First, a brief history.
Let's start at Prague Castle, which was a grand palace where kings ruled for a long time. Then some wars, marriages and politics happened. Eventually, the country landed in the hands of the Austro-Hungarian Empire and the Hapsburg Monarchy. Then it was volleyed over to the Communist Soviet Union after WWII in 1948. Totalitarian bullying ensued for over 40 years until 1989, after the Berlin Wall fell, when Czechoslovakians said, "WTF, USSR? You suck. We is outta here." And the Velvet Revolution began, a peaceful demonstration, largely held by students, that resulted in the Czechs freeing themselves from the USSR, Communism, and all that drab business of conformity and lame ass lameism. In 1993, Prague became the capital of the new Czech Republic, the world came to visit and the streets became lined with tchotchke shops hawking matryoshka dolls, ashtrays and fake fur hats.
But enough about that. Let's get to the beer.
Every hour in Prague is beer-o-clock. The country drinks more beer per capita than any other in the world. And I understand why. The secret ingredient is the water. Yumbo water gurgling from pure mountain streams. So a typical lager is delectable carbonated barley and hops glory.
Christophe and I arrived at the airport in the late afternoon.
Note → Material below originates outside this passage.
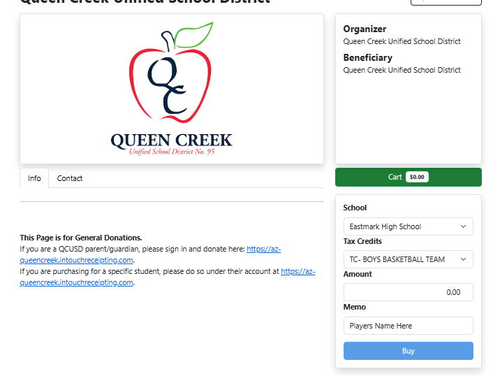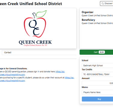 Step 3: Choose “TC- BOYS BASKETBALL TEAM” from tax credit drop down.

After a moment of Oh-fuck-I-wish-I'd-researched-how-to-get-downtown-from-the-airport, we found an airport shuttle that dropped us off smack dab in the middle of the action. After asking the driver to point at exactly where we were on the map, we oriented ourselves, found a currency-exchange place, and walked straight into this little house of Czech worship:
And so began our study of Czech culture.
Inside was a gang of 20-something dudes from Orange County, California, partaking in some wax-on-wax-off beer pong training. We would see the likes of these guys in the morning, sporting water bottles and looking like this:
The Prague Museum Bar has 30 regional beers and a booklet describing each one in sexy and scintillating detail:
Koute na Sumave is "pretty much where it's at when it comes to Czech Pilsner-style beer. Beautifully golden, topped with a rocky head that clings around until the very last drop is gone."
Weizenbier is "A perfectly fermented golden amber. This English style beer has a medium-sized creamy head, a bouquet of malt, hops and grass, and a full caramel taste that is pleasantly sweet."
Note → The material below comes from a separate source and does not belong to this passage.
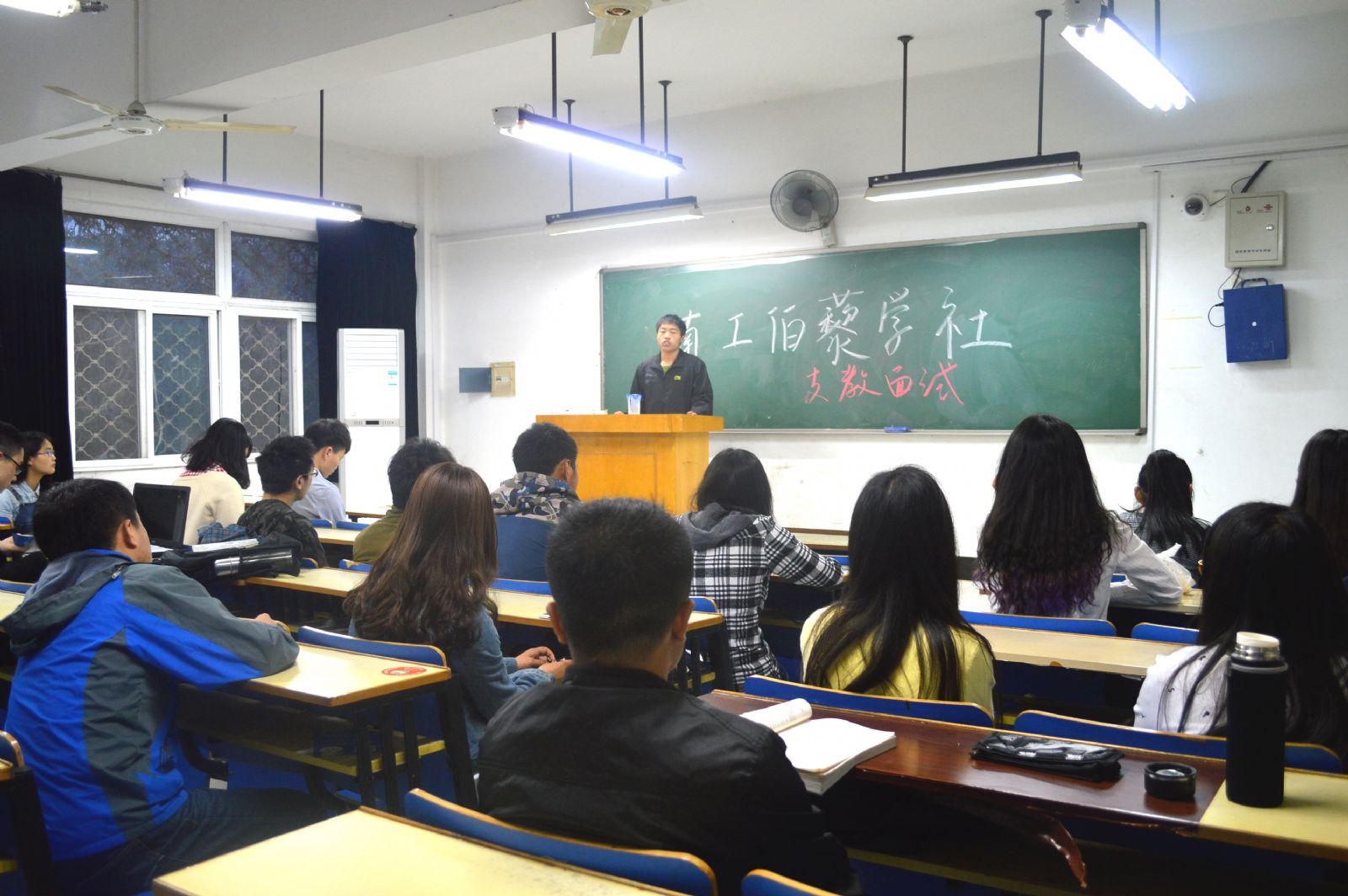 2015年4月16日(周六)晚上6:30,南工伯藜学社在厚学107成功举行了暑期支教面试活动。社委会成员指导学长温健阳、社长宋军锋等人作为面试考官参加活动,共有有三十多名陶学子参加面试。

Mazlicek is "Amber with a truly thick head, this lager tastes of candied fruit and honey."
After a lengthy study of Chotebor, we moved on to the next house of worship:
You just can't make this up, folks.
Eastern Europe is a big ol' sausage fest and eastern Europeans like Christophe can tell the difference between them all. To me, there are two types of sausage: Those that make me burp and those that do not.
"The land that vegetables forgot." -- Anthony Bourdain
I can't believe I used to be vegan.
Tomorrow, we storm the castle.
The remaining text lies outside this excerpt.